- Здесь, сынаш, история длинная, но, как смогу, кратко поведаю. Небось, слыхал, немец к Волге рвется? Рвется, значит, немец к Волге, хочет к зиме войну закончить. Ну, а партизаны ему в тылу как соль под хвостом или чертополох. Эшелоны под откос, дороги перерезают, вот немец и взялся за партизан. А поскольку силой уничтожить не может, то принялся за мирное население. В селах, где самая большая партизанка, решил: жителей расстрелять, а хаты сжечь. Даже объявления появились: если такие-то и такие-то руководители банд и комиссары не явятся добровольно, то пять тысяч человек будет расстреляно.
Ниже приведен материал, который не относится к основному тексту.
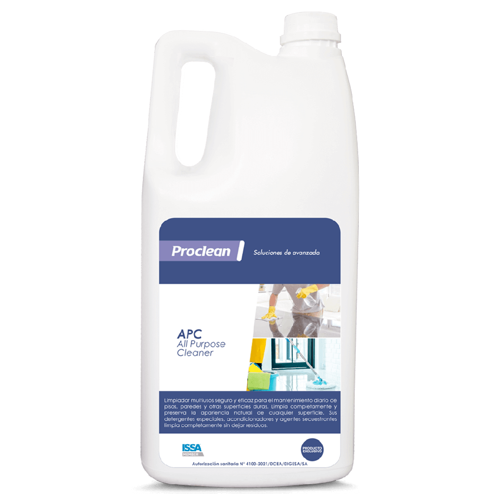 Limpiador multiuso APC seguro y eficaz para el mantenimiento diario de pisos, paredes y otras superficies duras. Limpia completamente y preserva la apariencia natural de cualquier superficie. Los detergentes especiales, acondicionadores y agentes secuestrantes limpian completamente sin dejar residuos ni marcas, además es útil para corregir pisos percudidos. Es Eficaz, Rápido y Seguro.

Вот я и пришел. В отряде мне замена найдется, а народишка немного спасу.
- Так вы… вы командир партизанского отряда? - У Михайлича даже в горле кусок застрял. - И какого, если не секрет?
- Не командир. Комиссар. Комиссар партизанского отряда имени товарища Щорса Михайлич, - значительно уточнил старик.
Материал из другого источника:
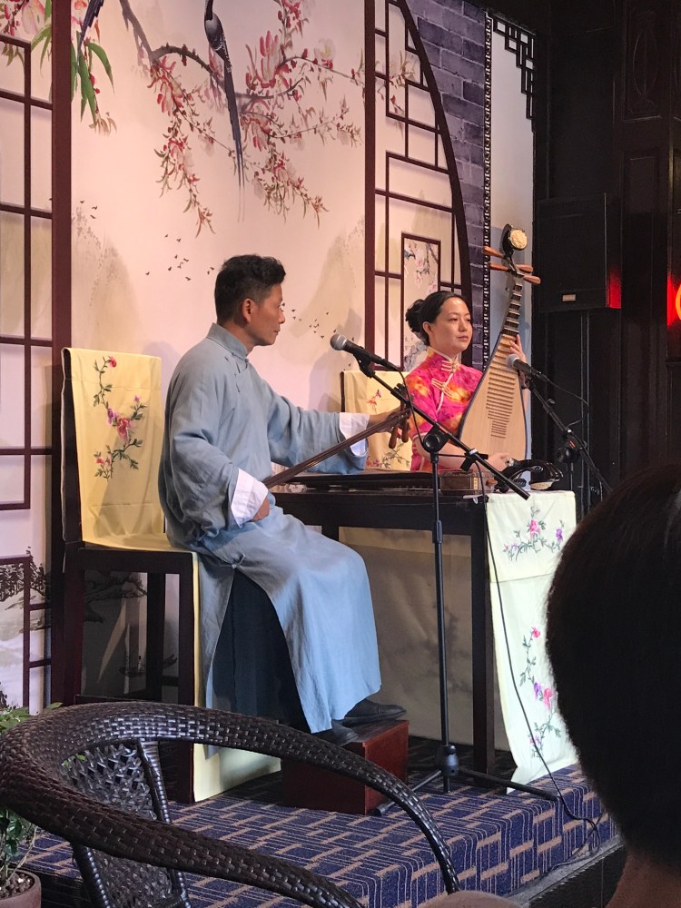 En Suzhou, muy cerca de Shanghai, encontré mientras recorría sin mi grupo de tour; – qué desordenado fui!!- con una casa que tenía este letrero y es un local donde sirven en especial té y ofrecen música en vivo. En esta pareja ella cantaba y tocaba pipa «琵琶», y él sólo tocaba el sanxian «三弦».-

Первым желанием у Михайлича было рассмеяться, рассмеяться звонко, в полную грудь, еще и пальцем по-детски показать на деда. Если Зельбсманн придумал такие штучки-дрючки, то, устраивая этот марионеточный театр, полковник слишком увлекся, считай, в своих экспериментах ставит горбатого к стенке. Михайлича опередил Философ, резко оглянувшийся от окна:
- Михайлич - это я.
И снова повернулся к окну, нервно пожав плечами.
"Перестарался полковник. Из такой ловушки я уж выкручусь, не дам сбить с панталыку. Странно, но теперь, когда выяснилось, кто есть кто, совсем стало спокойно".
- Ну, что же, - Михайлич отодвинул еду. - Очень рад познакомиться. Вы оба Михайличи, оба комиссары. Осталась малость: выяснить, кто из вас настоящий Михайлич, а кто самозванец.
"Почему бы и не поиграть с этими артистами?"
- Ну да, - согласился дед, - двух Михайличей быть не может.
- Может, - сказал Философ. - Когда человек вмещает в себе вселенную, значит, он вмещает в себе и Михайлича, таким образом, в нужный момент он может и явиться, заменить его.
- Не значит ли это, - впервые обратился к Философу Михайлич, - что сказанное вами сейчас и есть подтверждение: самозванец именно вы?
- Ничего из этого не следует. Я сказал то, что должен был сказать и что соответствует действительности.
- Исчерпывающе вразумительно, - кивнул Михайлич, пытаясь сдержать смех.
- Михайлич - я, - продолжал настаивать старик. - Я первый пришел.
- А второй Михайлич, выходит, тоже сдался добровольно?
- Ну да. Только пришел позже, вернее, его схватили.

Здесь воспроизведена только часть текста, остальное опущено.